MATERIAL PROVIDED.
▼▼▼

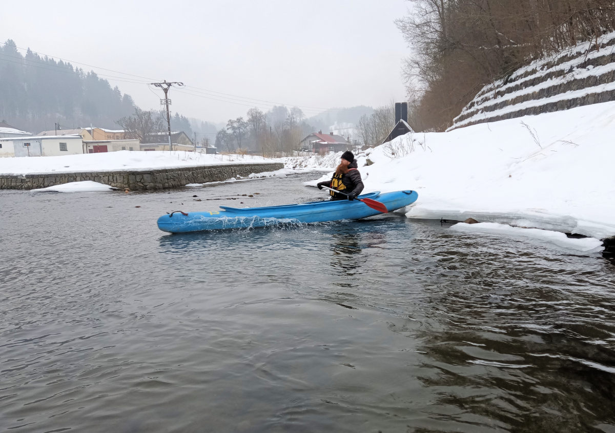 V plánu je splutí řeky Moravy z Hanušovic do Bohdíkova. Mám trochu obavu, jak to bude se zamrzlou řekou, aby se vůbec mohlo dát plynule jet. Ledové kry, zamrzlé vracáky a časté zužování řeky narůstajícími ledy od břehu do úzkého proudu uprostřed řeky, který se nakonec ztratí kdesi pod ledem, už mám taky za sebou. Ne vždy to bylo veselé a bezpečné. Jízda v zimě prostě má svá specifika.
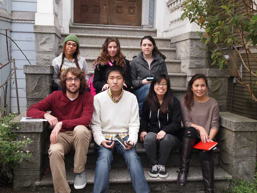 Students in Front of Haight Street Victorian House: Andy Cole, Yihan Jiang, Caren Balence, Rachel Kaya, Ma'Keda Habtemariam, Maria Morelli, Dior Geyton
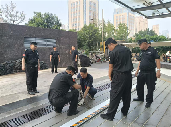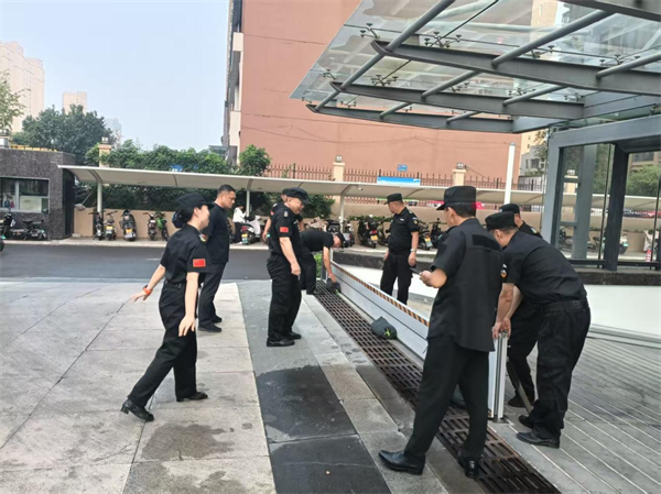此次演練模擬了暴雨導(dǎo)致雨水倒灌、地下停車場積水等險情。全體隊(duì)員迅速響應(yīng),按照預(yù)案分工協(xié)作,保安隊(duì)員第一時放置擋水板和堆砌沙袋,并將重要物資轉(zhuǎn)移安全。
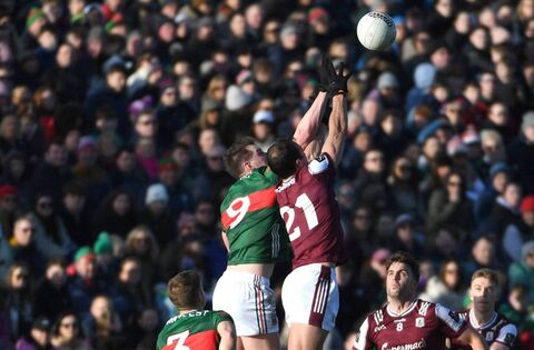 Mayo’s Matthew Ruane and Galway’s John Maher contest a kick-out at midfield during last Sunday's Allianz Football League Division 1 clash that attracted over 12,000 to Hastings Insurance MacHale Park, Castlebar. Picture: David Farrell Photography

▲▲▲

REQUIRED ACTION.
In the data above, find the line containing "此次演練模擬了暴雨導(dǎo"; from there, please write out each line through the end, exactly, with the pictures omitted.

ANSWER AREA.
此次演練模擬了暴雨導(dǎo)致雨水倒灌、地下停車場積水等險情。全體隊(duì)員迅速響應(yīng),按照預(yù)案分工協(xié)作,保安隊(duì)員第一時放置擋水板和堆砌沙袋,并將重要物資轉(zhuǎn)移安全。
 Mayo’s Matthew Ruane and Galway’s John Maher contest a kick-out at midfield during last Sunday's Allianz Football League Division 1 clash that attracted over 12,000 to Hastings Insurance MacHale Park, Castlebar. Picture: David Farrell Photography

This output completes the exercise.